Each record should be given again exactly as it appears, with no image included.

> _MATERIAL TO PROCESS_:
##############################
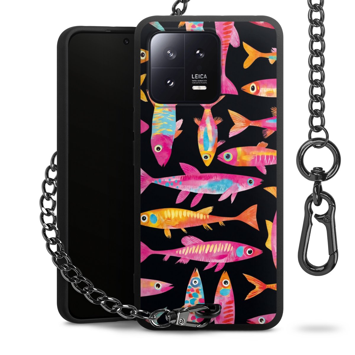 • Mattschwarze Handyhülle mit Metallkette
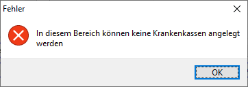 Bei dem Versuch, eine Krankenkasse in dieser Gruppe zu bearbeiten oder neu anzulegen, würden Sie die nebenstehende Fehlermeldung erhalten.Diese Gruppe wird ggf. mit Updates aktualisiert.
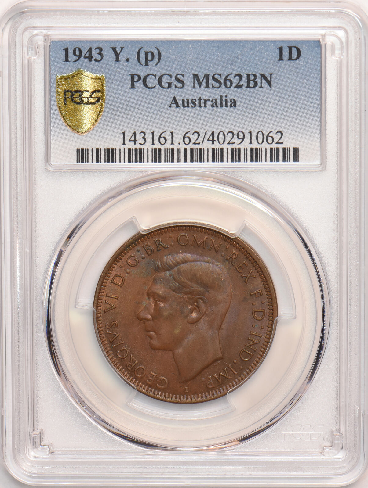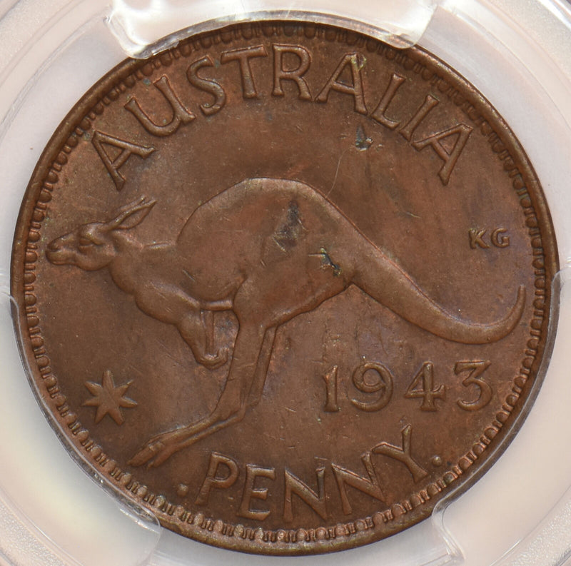 Australia 1943 Y. (p) Penny Kangaroo animal PCGS MS62BN PC1078 combine shipping
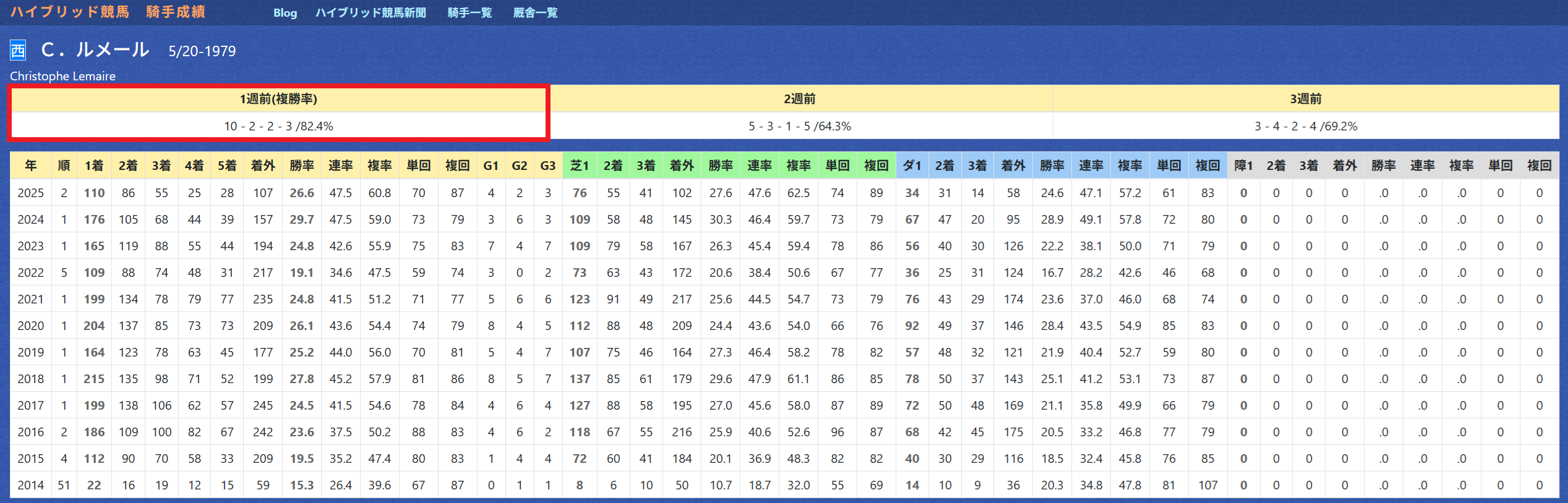 「騎手の該当競馬場の成績」=勝ち数1位、勝率34.9%&複勝率68.2%(235レース)
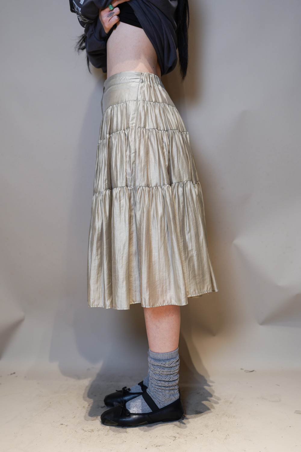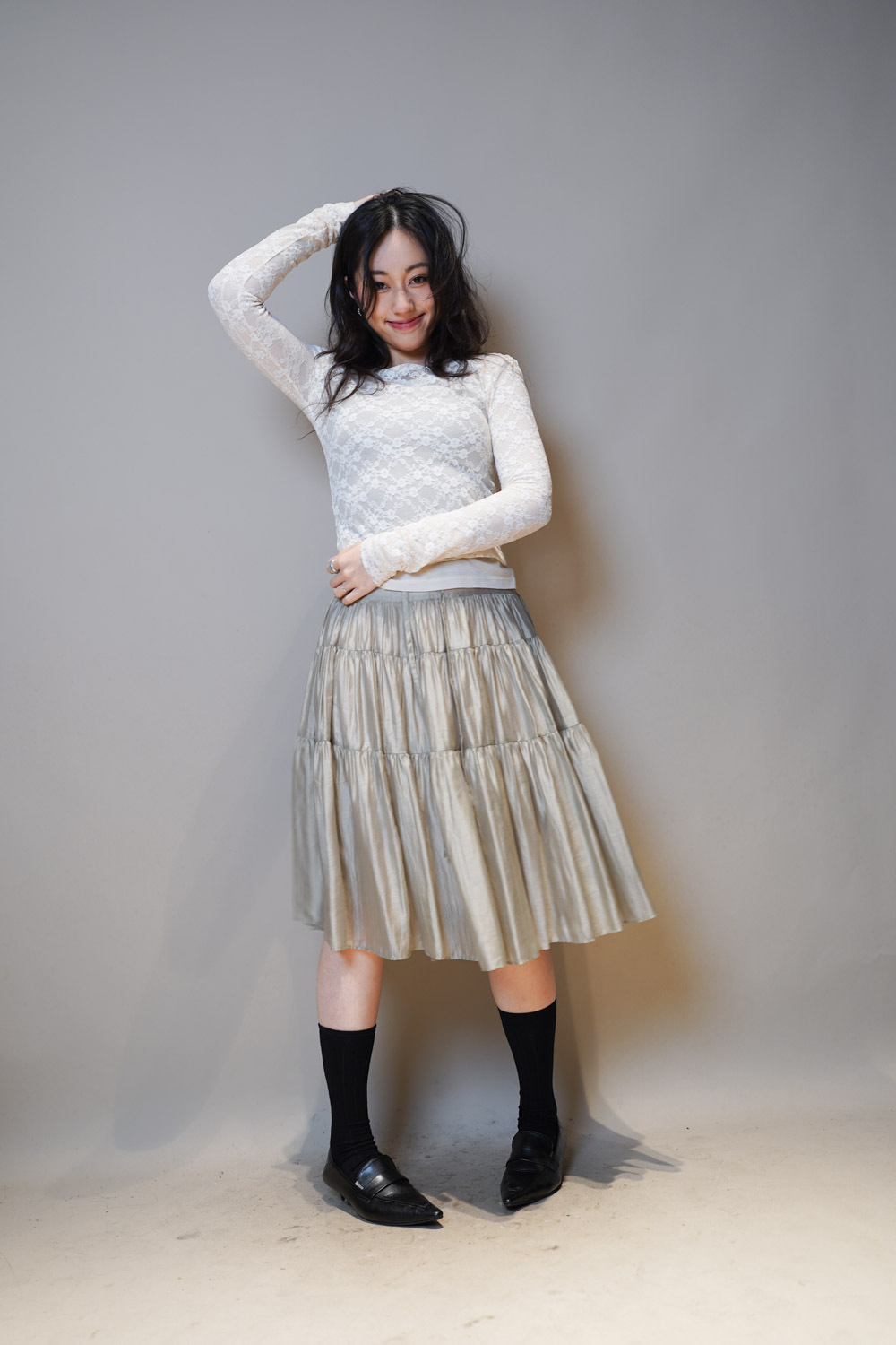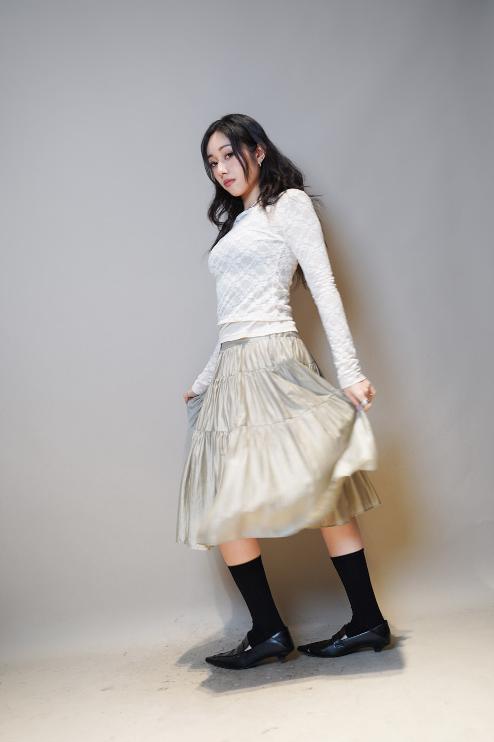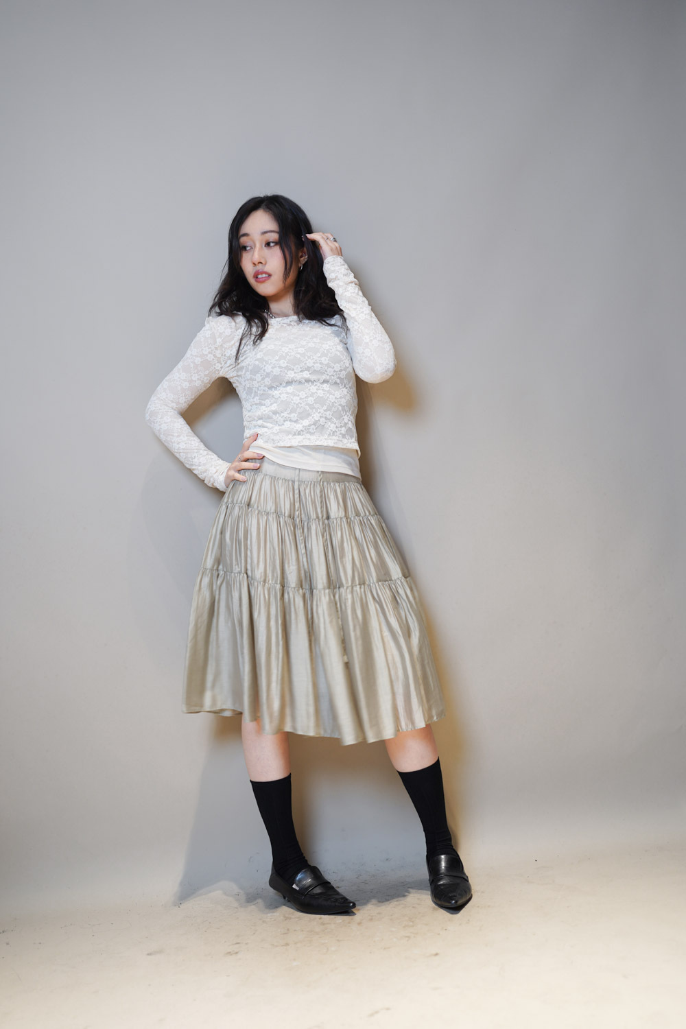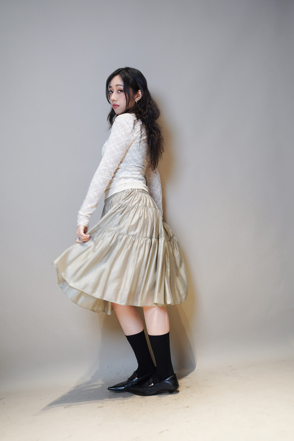 Pearly Fan skirt (BEIGE/GREY) - Free size
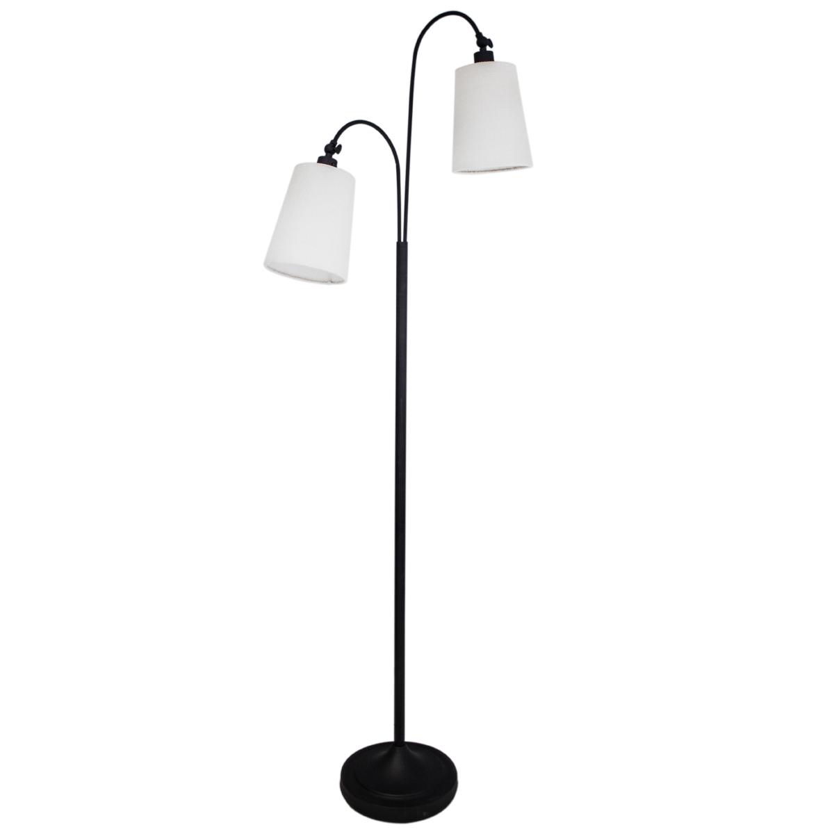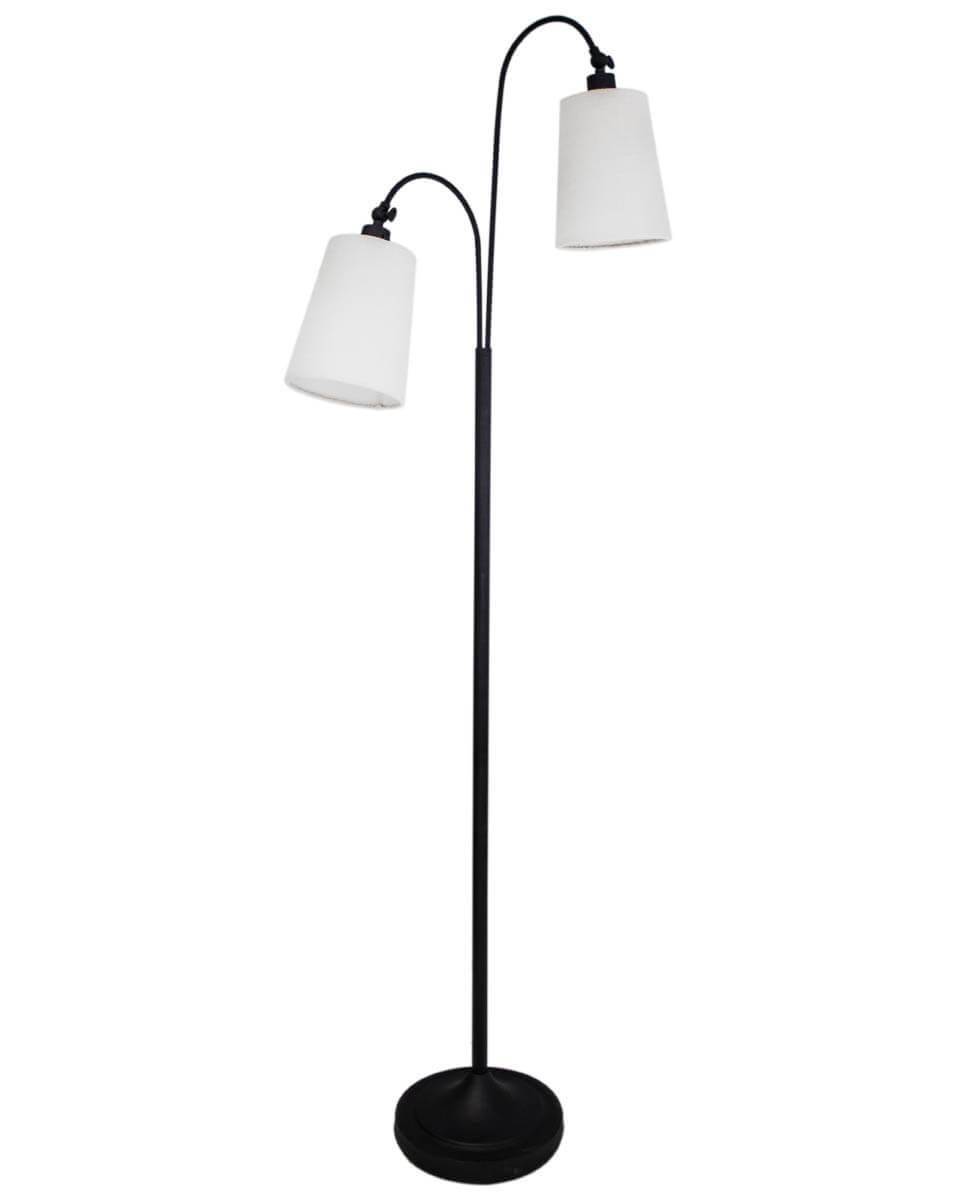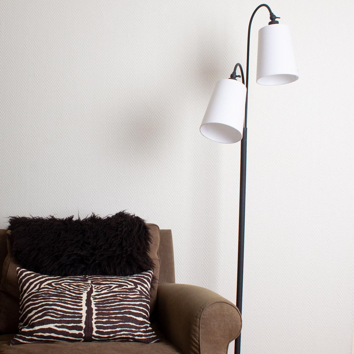 Duetto golvlampa rekommenderas till dig som gillar en klassisk golvlampa som inte tar alltför mycket plats. Lampan är 170 cm hög och i toppen tronar två skärmar som är riktbara. Skärmarna är tillverkade i vit bomull och foten är i svart metall.
##############################
> _SOLUTION FOR THIS PROBLEM_:
 • Mattschwarze Handyhülle mit Metallkette
 Bei dem Versuch, eine Krankenkasse in dieser Gruppe zu bearbeiten oder neu anzulegen, würden Sie die nebenstehende Fehlermeldung erhalten.Diese Gruppe wird ggf. mit Updates aktualisiert.
 Australia 1943 Y. (p) Penny Kangaroo animal PCGS MS62BN PC1078 combine shipping
 「騎手の該当競馬場の成績」=勝ち数1位、勝率34.9%&複勝率68.2%(235レース)
 Pearly Fan skirt (BEIGE/GREY) - Free size
 Duetto golvlampa rekommenderas till dig som gillar en klassisk golvlampa som inte tar alltför mycket plats. Lampan är 170 cm hög och i toppen tronar två skärmar som är riktbara. Skärmarna är tillverkade i vit bomull och foten är i svart metall.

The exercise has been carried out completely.